PyLocator tries to find the first point of the iso-surface that is below your 
mouse cursor and insert a marker here. If you have more than one is-surface 
rendered you must select on which surface you want to insert your marker in 
the settings of list of surfaces.

How can I reconstruct iso-surfaces?
^^^^^^^^^^^^^^^^^^^^^^^^^^^^^^^^^^^^^^^^
Looking at slices of tomgraphic scans is nice and helpful - slices is actually
what tomography is all about. But this isn't all one can do with such 
recordings, sometimes we just cannot grasp all the information contained.

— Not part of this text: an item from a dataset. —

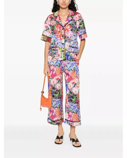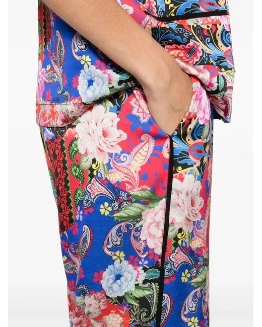 bright red elasticated waistband two side slash pockets paisley print floral print

Calculating and rendering iso-surfaces can sometimes help here. is-surfaces are
the 3d analogon of contour lines, connecting neighboring points of equal
intensity.

Rendering such surfaces with PyLocator is a one-click process: **Just click the 
"Add" button on the toolbar of the surfaces list**. PyLocator tries to estimate 
a good choice for a threshold of the surface, i.e., the value for which the 
iso surface is calculated.

If the result is not as you expected (which is not really unlikely...), you can
adjust the settings of the iso surface. Click on the list entry, and the 
options appear.

 * **Threshold**: Intensity value for which the iso surface is calculated. The 
   minimum of the slider is the minimal value of your image, maximum 
   accordingly
 * **Opacity**: Opacity is like "1-transparency". Reduce the opacity if you want
   to see other parts of the rendered scene that would otherwise be hidden, 
   e.g., other surfaces, markers, ROIs
 * **Color**: You can choose a color for the surface. We have some predefined 
   colors in a dropdown-list. If none of these fits your needs (or you just 
   want to be creative), choose "custom..." from the list, and you can choose 
   from the whole spectrum of RGB space

Below these, there is an initially closed section to control the VTK pipeline.
Here you can choose whether and how to use the **Connect Filter** and the 
**Decimate Filter**. Just play around a little bit to see how these settings 
influence the result.

The Decimate Filter is disabled as default, but it might be useful to reduce
the complexity of the surface in order to **increase the performance on older 
computers**.

.. note::
    If you wonder what the "Render" button is good for, you probably can forget
    it. In older versions, there used to be situations where changes in the 
    settings didn't directly get applied to the rendered scene. As of version 
    1.0 of PyLocator, these situations should no more exist, but if you think
    you have come in such a situation, you can force a redraw using the 
    "Render"-Button

.. index:: 
    pair: ROI; region-of-interest
    

How can I render regions-of-interest?
^^^^^^^^^^^^^^^^^^^^^^^^^^^^^^^^^^^^^^^^
Navigating through a brain can be really complex, and one might quickly loose 
orientation. In such situations, it can really be helpful to have some 
"landmarks". Here, regions-of-interest (ROIs) come into play.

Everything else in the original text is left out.